• [Requirement]:
What is needed is an exact copy of the lines from the start of the records below through the line with "- Ativar ou", without the pictures.

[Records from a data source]
=== Section Start ===

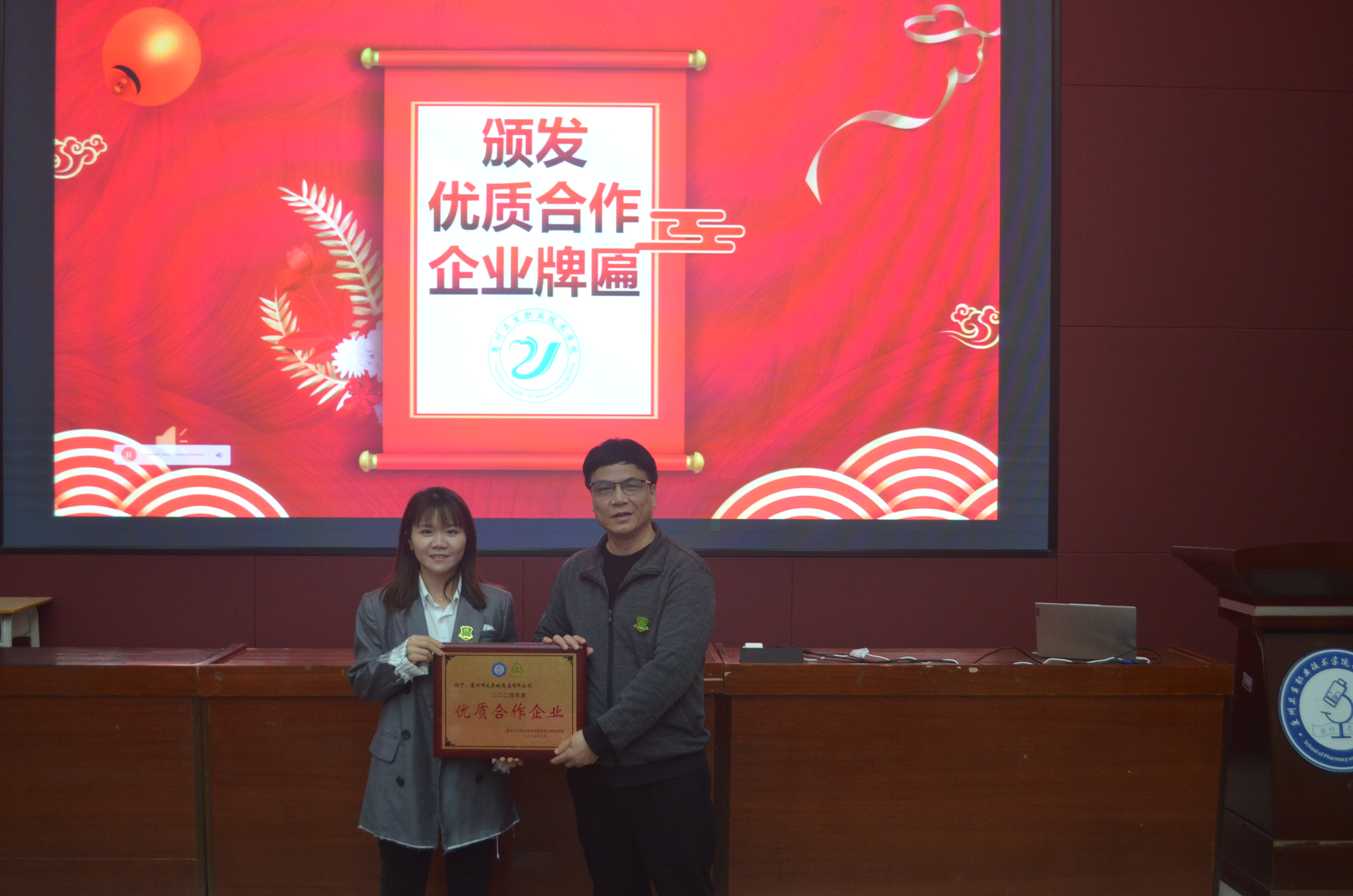校企合作办公室主任江海东代表学校向惠州市大参林药店有限公司颁发“优质合作企业”牌匾,彰显双方十余年合作积淀的深厚基础。
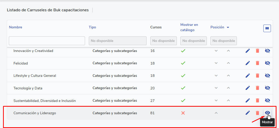 - Ativar ou desativara visibilidade de um carrossel no catálogo.
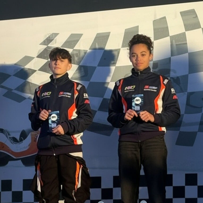 Lauréats du Volant Kartagene, Louise pour le collège Saint Georges à Salbris et Evan pour la Rookie School, ils ont intégré les rangs de Kartagene il y a plusieurs saisons. Depuis octobre, leur progression s’est accélérée : après avoir été sélectionnés lors des épreuves du volant, ils ont découvert les sensations du kart de compétition début novembre. Face à leur sérieux et à leur potentiel, l’équipe Kartagene a pris la décision audacieuse de les aligner en course dès fin novembre.
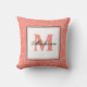 Tropical Coral & White Leaves Patterned Monogram Throw Pillow
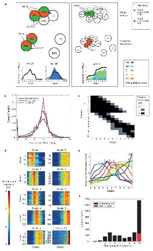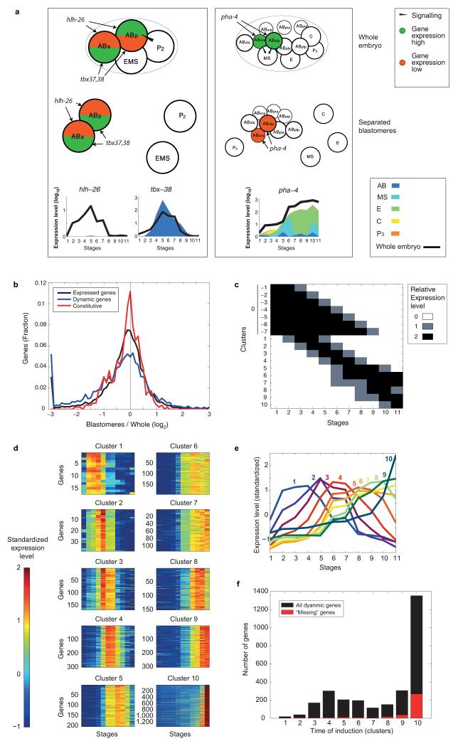 Extended Data Figure 3. Lineage restricted gene expression identifies genes dependent upon coherence of the lineages and tissue specificitya, Expression profiles of genes involved in pharynx specification. The left and right panels correspond to the two Notch signaling events. The top and bottom images correspond to the expected regulatory patterns in the whole embryo and isolated blastomeres, respectively. tbx-37 is not shown since it is identical to tbx-38 in expression profile. b, Comparison of the overall sum of expression between the two time-courses, plotted on a log2 scale (black). Genes “missing” in the separated lineage time-course were manually added to the graph at −3. The additional plots indicate the same measure for dynamically expressed genes (blue) and constitutive genes (red). c, Idealized expression profiles used to identify gene expression clusters. d, The gene expression profiles for the temporally restricted gene expression profiles. Each profile was “standardized” by subtracting its mean and dividing by its standard deviation. e, Average expression profiles of ten clusters of dynamically expressed genes determined based upon the whole embryo expression data (see Methods). f, The number of dynamic genes in each temporal period In each group, the genes not expressed in the lineage time-course (b) are marked in red.
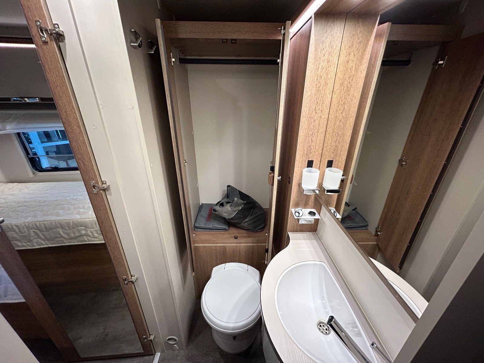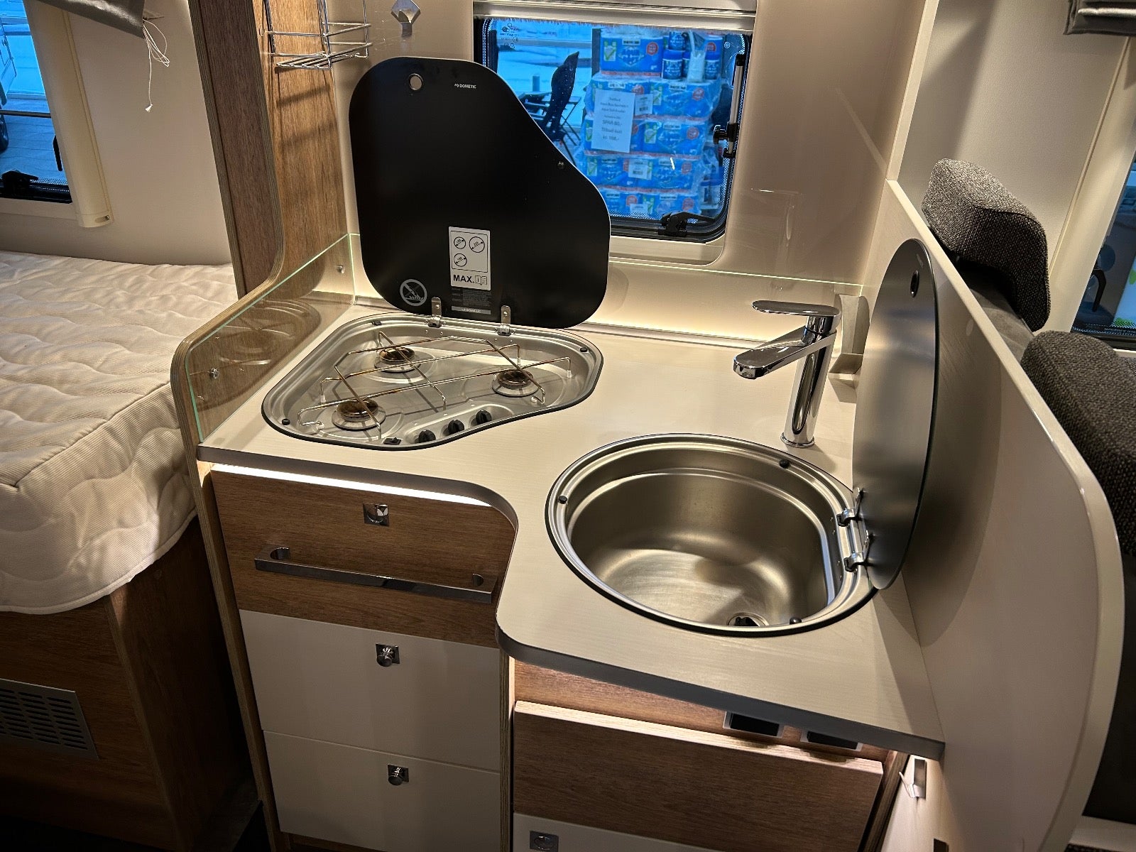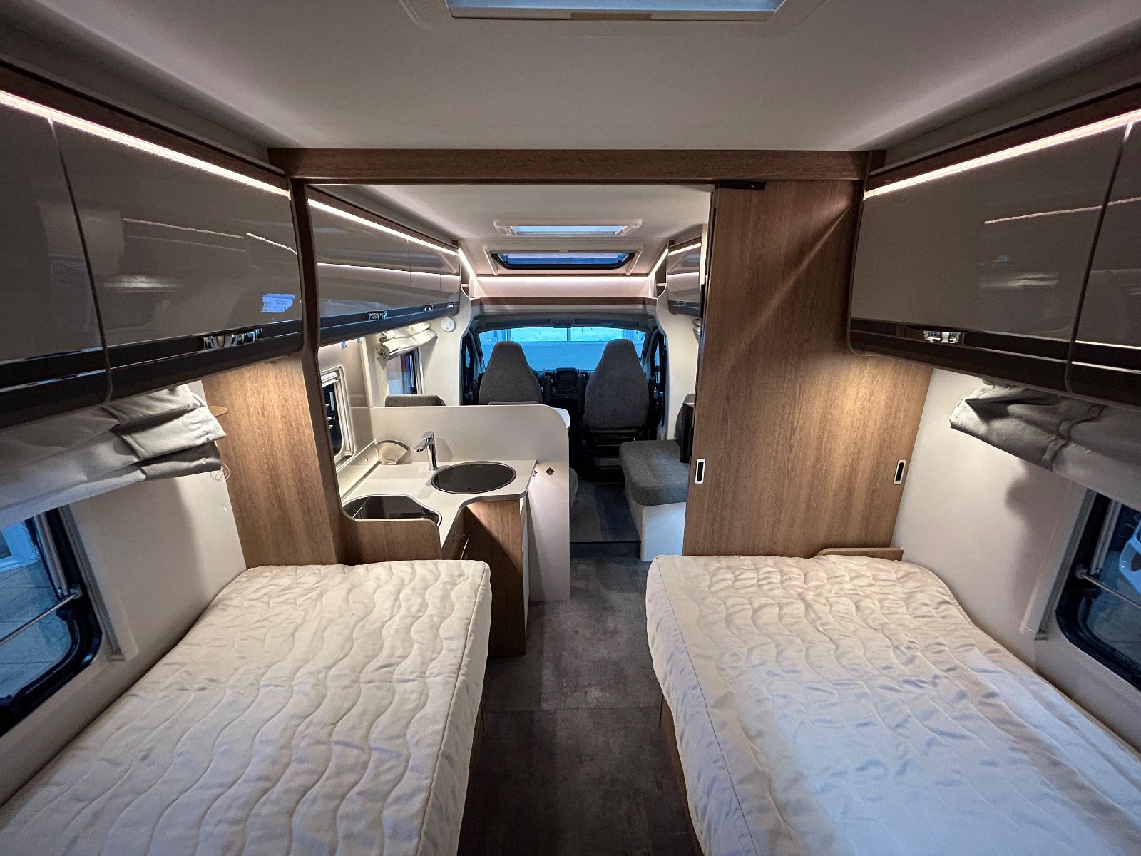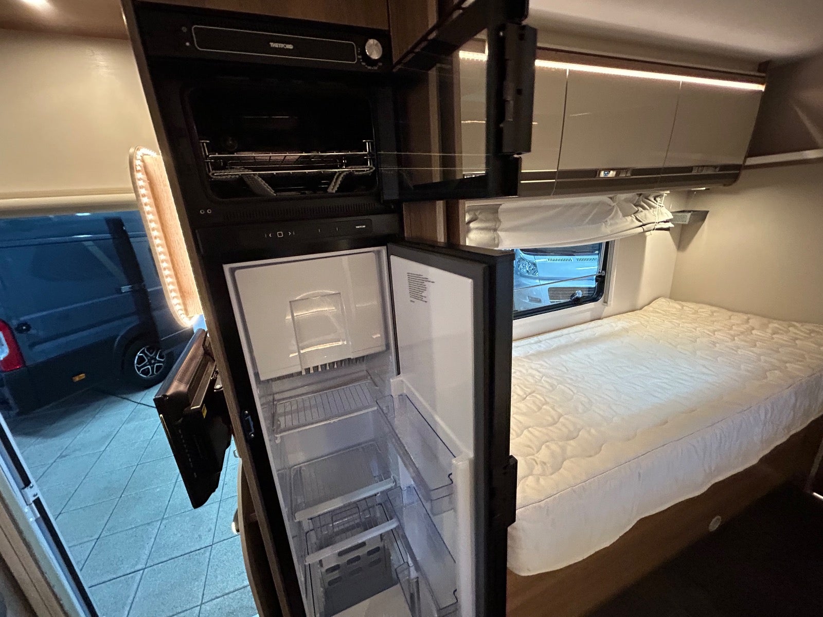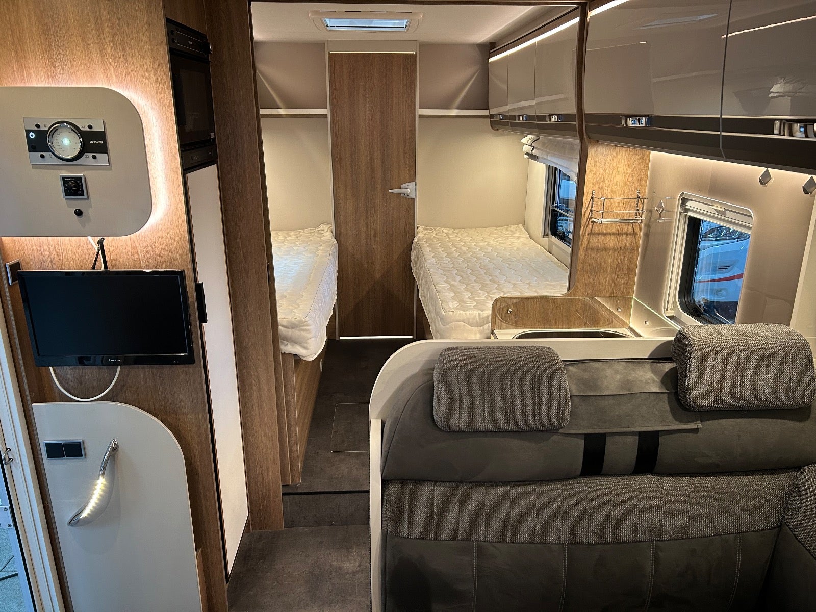 9 trins automatgear, kørecomputer, multifunktionsrat, højdejust. forsæder, automatgear, udv. temp. måler, esp, læderrat, led kørelys, solceller, fjernb. centrallås, fartpilot, navigation, stofindtræk, 16" alufælge, el-sidespejle, 2 zone klima, el-ruder, dab radio, håndfrit til mobil, bakkamera, 4 airbags, servo, 1 ejer, ikke ryger, nysynet, service ok, diesel partikel filter, truma gasblæsevarme, automatisk køl/fryseskab, gas ovn, 200 w solceller, plissegardiner i for, god indretning 2 enkeltsenge over garagen i mitten af vognen, wc/bad i bagenden, vinkelkøkken, el sænkbar cykelholder til 2, totalvægt 3500, Euro 6, meget pæn og velholdt,længde 7381 bredde 2325 højde 2905
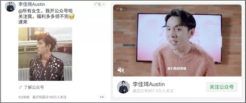 一個多月前,相信經(jīng)?;燠E微信生態(tài)的朋友們一定看到過朋友圈、公眾號底部出現(xiàn)李佳琦官方公眾號的廣告。
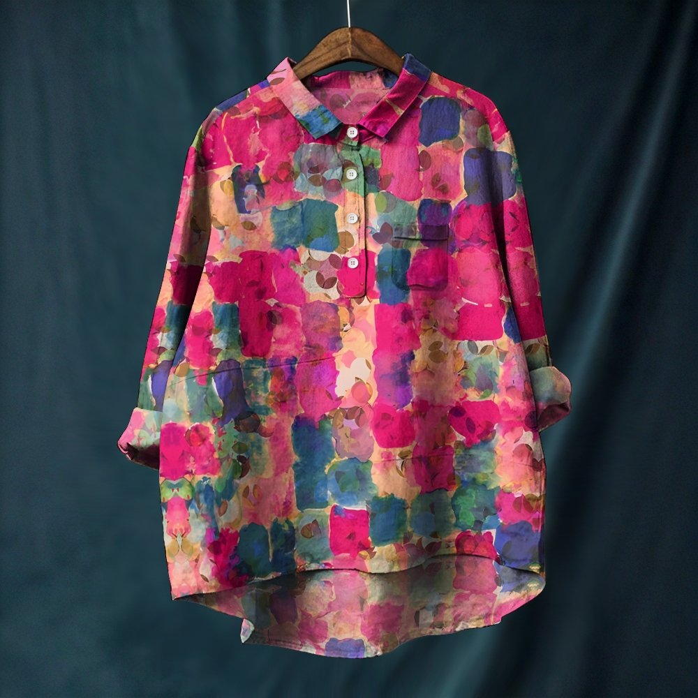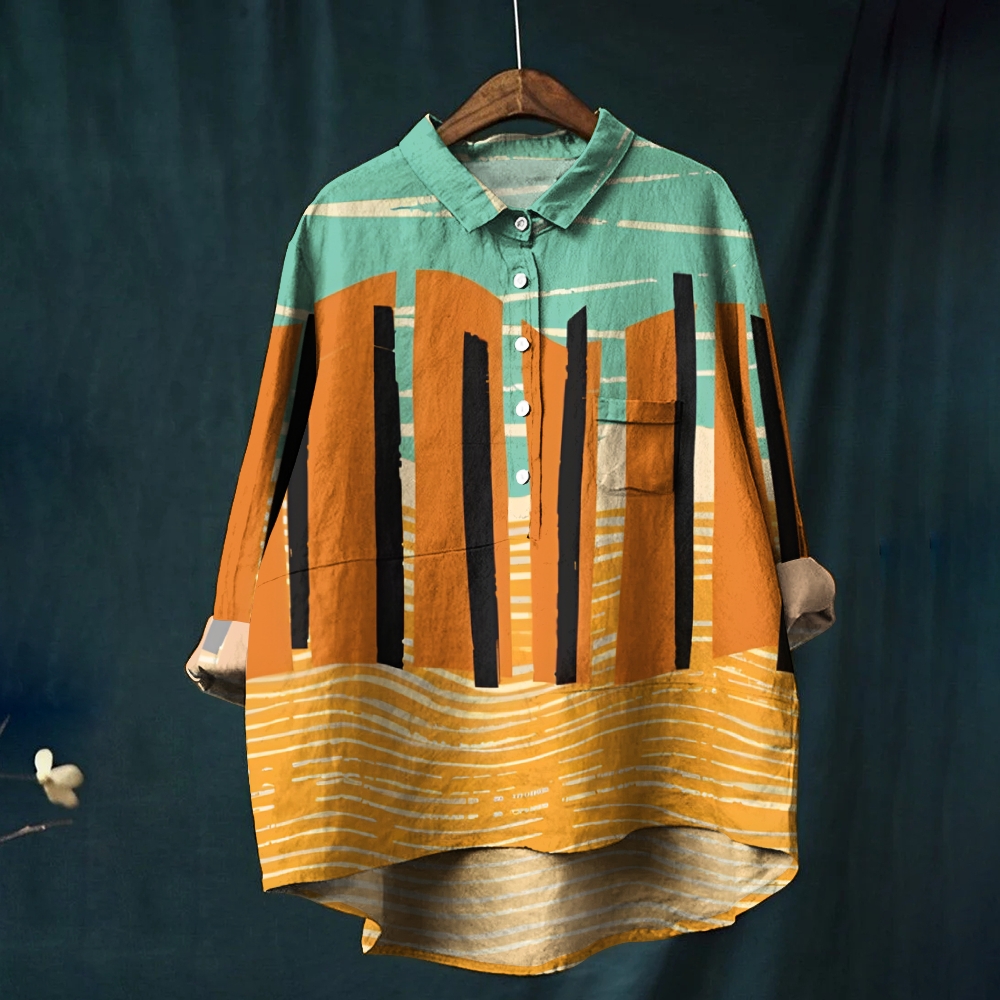 Women's Geometric Square Printed Casual Long Sleeve Shirt
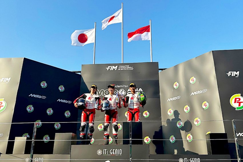 Podium ketiga menjadi milik Indonesia dengan kepungan dua pebalap Jepang di arena podium.
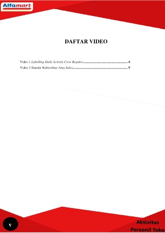 DAFTAR VIDEO Video 1 Labelling Daily Activity Crew Reguler...................................................... 6 Video 2 Standar Kebersihan Area Sales.................................................................. 9 v
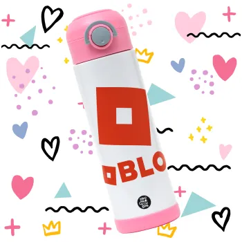 Roblox red, Easter candle, Childrens hot water bottle, stainless steel, with safety straw, PINK (500ml)
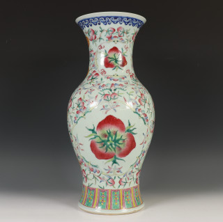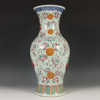 China, famille rose baluster vase, 20th century, decorated with peach and 'shou' symbols
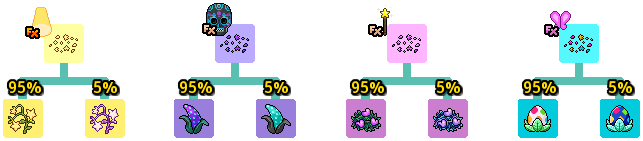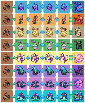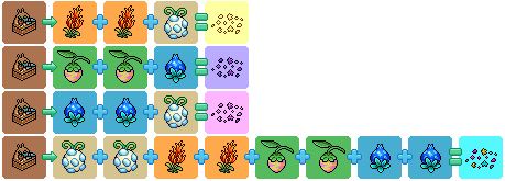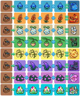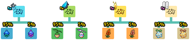 Por otra parte, las cuatro plantas anteriores del 95% se pueden combinar para craftear otras cuatro semillas elementales diferentes (luz, oscuridad, hada y arcoíris) que NO se pueden conseguir a partir del crackable.
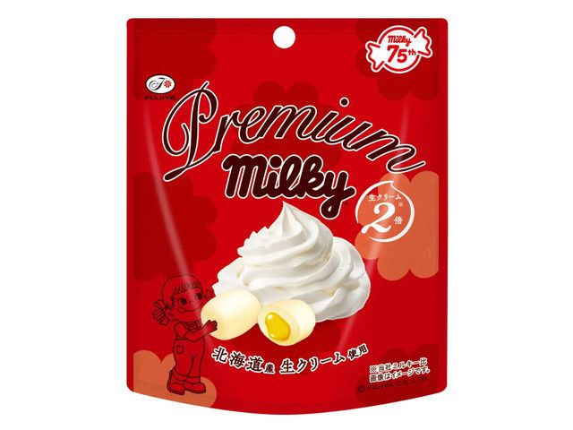 ・ミルキー75周年を記念した特別な新商品 ・北海道産生クリームを、通常の「ミルキー」の2倍配合した、リッチでコク深い味わい ・とろ~りとろける練乳ソースが入ったやわらか食感のプレミアムな品質 ・ミルキーを象徴する赤いパッケージが目を引く、ジッパー付きパウチパック
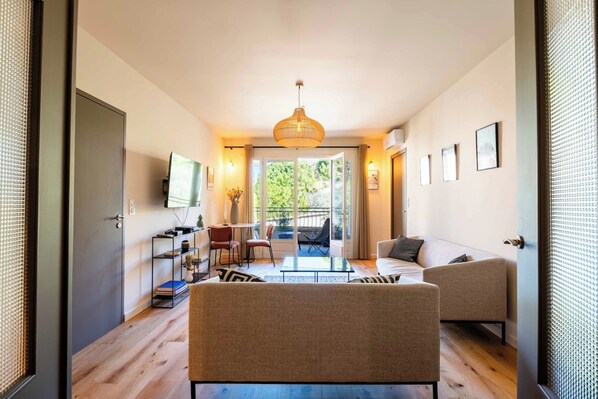 Appartement pour 4 personnes comprenant 2 chambres et 2 salles de bains attenante avec un salon et une cuisine toute équipée d’une surface de 90m²Venez découvrir notre magnifique appartement rénové avec soin. Ce logement de 90m² dispose d'un confortable salon de 20m² donnant accès une loggia de 6m². Une cuisine indépendante et toute équipée vous permettra de profiter de bons moments en famille ou entre amis autour d'une belle table en bois et de siège confortable. 2 chambres sont ensuite disponible dans cet appartement. Chaque chambre dispose de sa propre salle de bain et WC. De nombreux rangements sont présents dans chaque pièce et chaque chambre dispose de son dressing. L'appartement est entièrement climatisé. Une chaise haute ainsi qu'un lit parapluie sont disponible à la demande et gratuitement
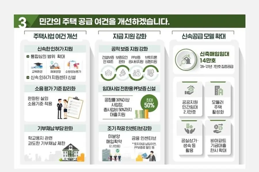 단기간 내 공급 가능한 신축매입임대 14만가구, 공공지원 민간임대주택을 5년간 2만1000가구를 착공한다. 이 중 절반은 2026~2027년에 집중 공급할 예정이며, 공적 보증 확대를 통해 주택 건설사업자에 대한 자금 지원도 강화한다.

=== Section End ===

• [Problem solution]:
校企合作办公室主任江海东代表学校向惠州市大参林药店有限公司颁发“优质合作企业”牌匾,彰显双方十余年合作积淀的深厚基础。
 - Ativar ou desativara visibilidade de um carrossel no catálogo.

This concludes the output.